Непоколебимо, — колебаться нельзя. Упорно, — уступки невозможны.

— Мы боремся не за надушенный носовой платочек, не за шелковые галстуки и не за жирное брюхо!

Молчание темного зала. Кричат:

— Мы боремся за жизнь!

Но именно потому, что борьба идет за жизнь, то и дело распахиваются двери тюрьмы. Сегодня они поглощают одного, завтра другого. Пусть всего на неделю, на два-три дня. Так, для острастки, для облегчения предпринимателям переговоров.
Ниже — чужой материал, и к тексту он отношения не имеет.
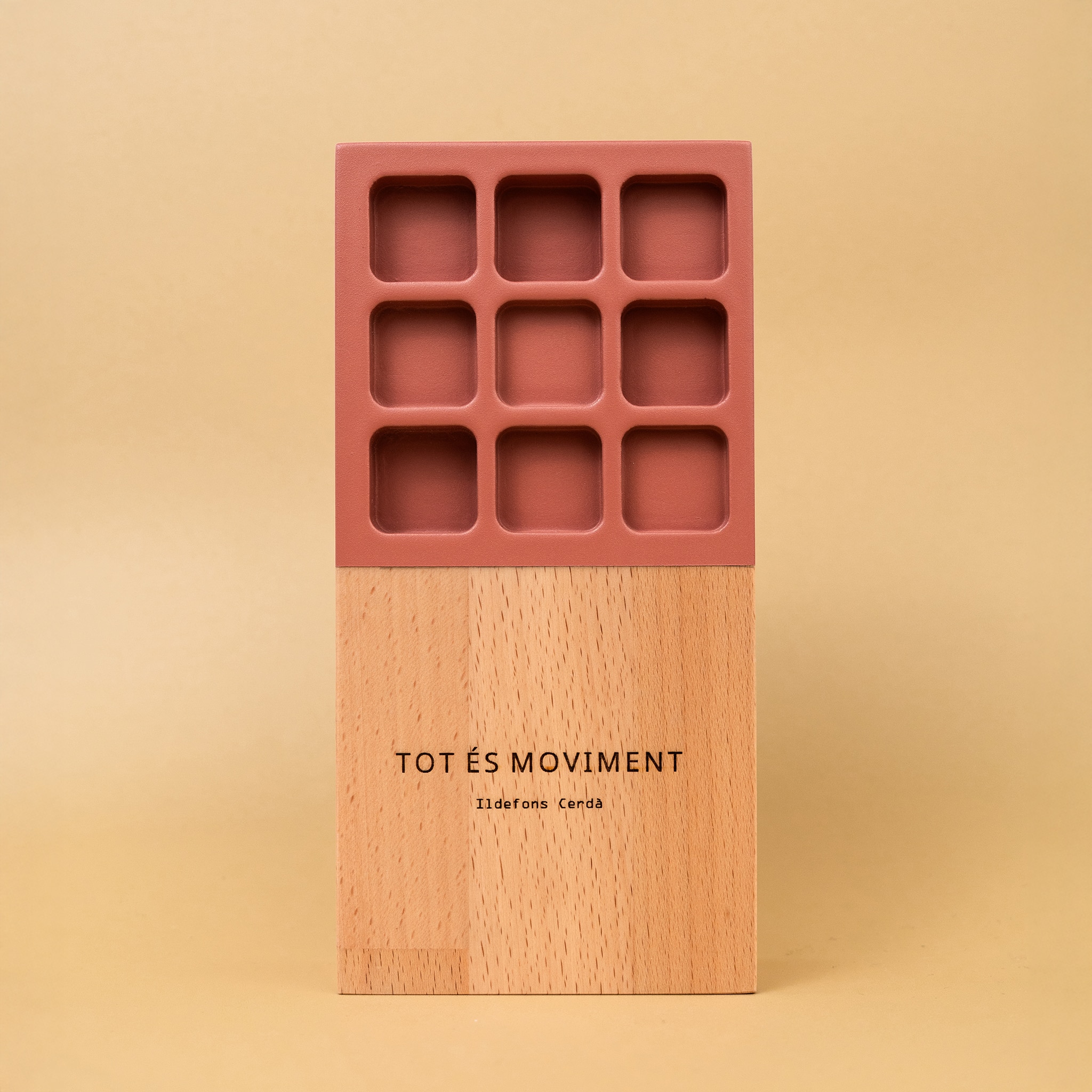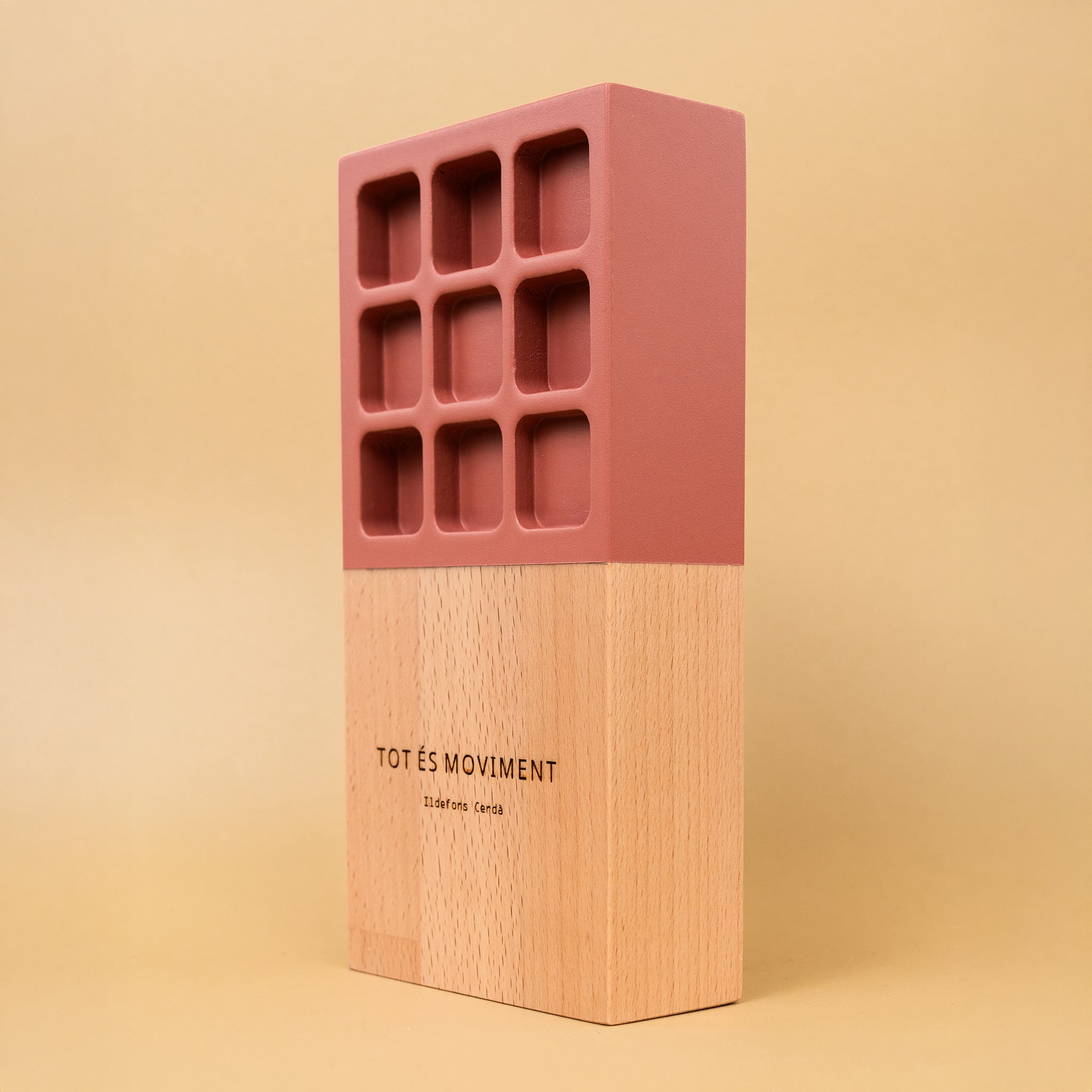 Fabricado con madera de haya, este trofeo no solo destaca por su diseño geométrico y contemporáneo, sino también por su respeto al entorno y su producción local. La pieza refleja nuestro compromiso con la artesanía consciente, combinando tradición y diseño para dar forma a un objeto que representa tanto el reconocimiento como la proyección hacia el futuro.

Но какое это имеет значение? Тюрьма никому не в диковинку. Там по крайней мере хлеб есть, тяжелый, черный хлеб, но все-таки есть. Хуже — семьям. Неотвязная дума, что с близким человеком. Хоть и знаешь, что ненадолго, а все же сердце сжимается от страха. Да и голод заглядывает в маленькие оконца. Мужчина, тот всегда что-нибудь да придумает.
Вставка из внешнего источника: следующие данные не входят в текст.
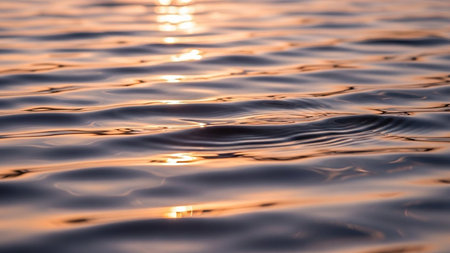 This image features a serene water surface showcasing gentle ripples and reflections of warm sunset colors. Ideal for themes related to nature and relaxation.
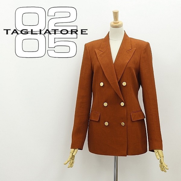- ◆TAGLIATORE 0205 タリアトーレ リネン 金釦 ダブル ジャケット 茶 ブラウン 40/M
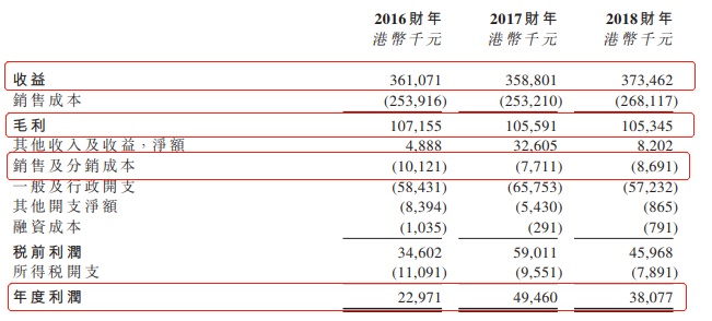 截至2016年、2017年以及2018年,该公司取得的收益分別为3.61亿港元、3.59亿港元以及3.73亿港元;销售成本分別为2.54亿港元、2.53亿港元以及2.68亿港元;衣物护理电器销售的收益相当于对应期间总收益的65.0%、57.7%及45.9%。调整后年度净利润分別为2944.5万港元、2820.6万港元以及3814.2万港元。
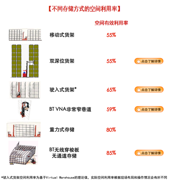 實現(xiàn)更高空間利用率的全新鉸接式轉(zhuǎn)向裝置鉸接式設計,車輛在換巷時所需空間更小,較傳統(tǒng)VNA叉車 ■每個通道、每層可以多出4個托盤位(換巷道兩側(cè)各2個) ■按8層貨架計算,每個通道可以多出32個托盤位
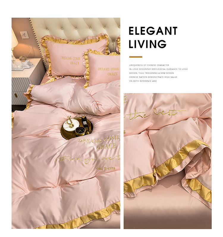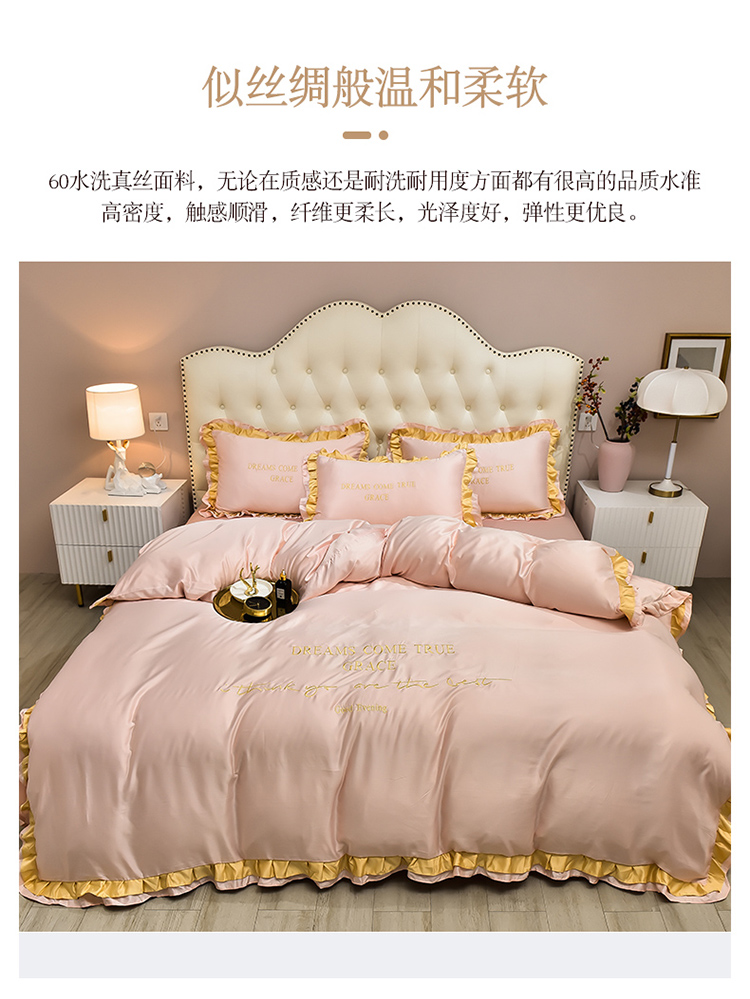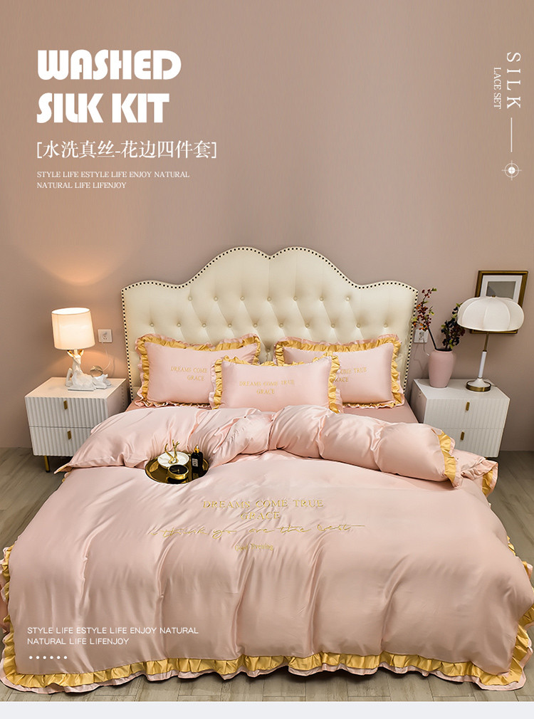 商品名称:2021新款水洗真丝四件套诺曼相机图 嫩粉
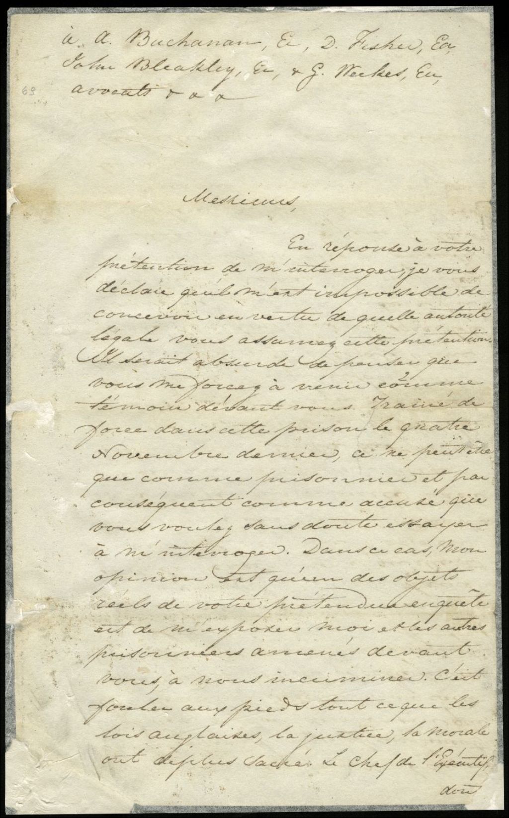 Lettre de L. H. Lafontaine, prisonnier à Montréal, aux commissaires Buchanan, Fisher, Blackley et Weekes, 10 décembre 1838, Archives nationales à Montréal, Collection rébellion de 1837-1838, (06M,P224,S1,P63).
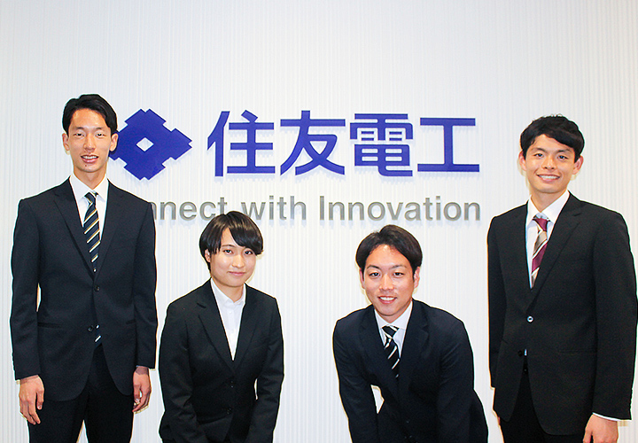 左から、西川雄一朗 (長距離)、御家瀬緑 (短距離)、田中翼(スタッフ)、阿部弘輝 (長距離)です。

На семьи у Анатоля уже не хватает времени.

— Надо бы тебе, Наталка, походить, посмотреть, что там дома у арестованных.

Разумеется, надо идти. Наталка быстро одевается, берет в сумку квитанционную книжку. Список адресов.

Длинные темные сени. Запах гнилой капусты. Двор. Темные окна смотрят слепыми глазами грязных стекол.

— Что слышно, Сташек? Мама дома?

Четырехлетний клоп поднимает к ней круглое личико.

— Дома. — Малыш засовывает в нос грязный палец. — А папа в тюрьме сидит, — хвастается он.

Ветер треплет светлые волосики.

— Иди в комнату, холодно!

— Не хочу, там Зоська орет, — отвечает он серьезно, ковыряя в носу.

Наталка с трудом находит дверную ручку. Низкая дверь распахивается. Изнутри теплый, кислый запах мокрых пеленок.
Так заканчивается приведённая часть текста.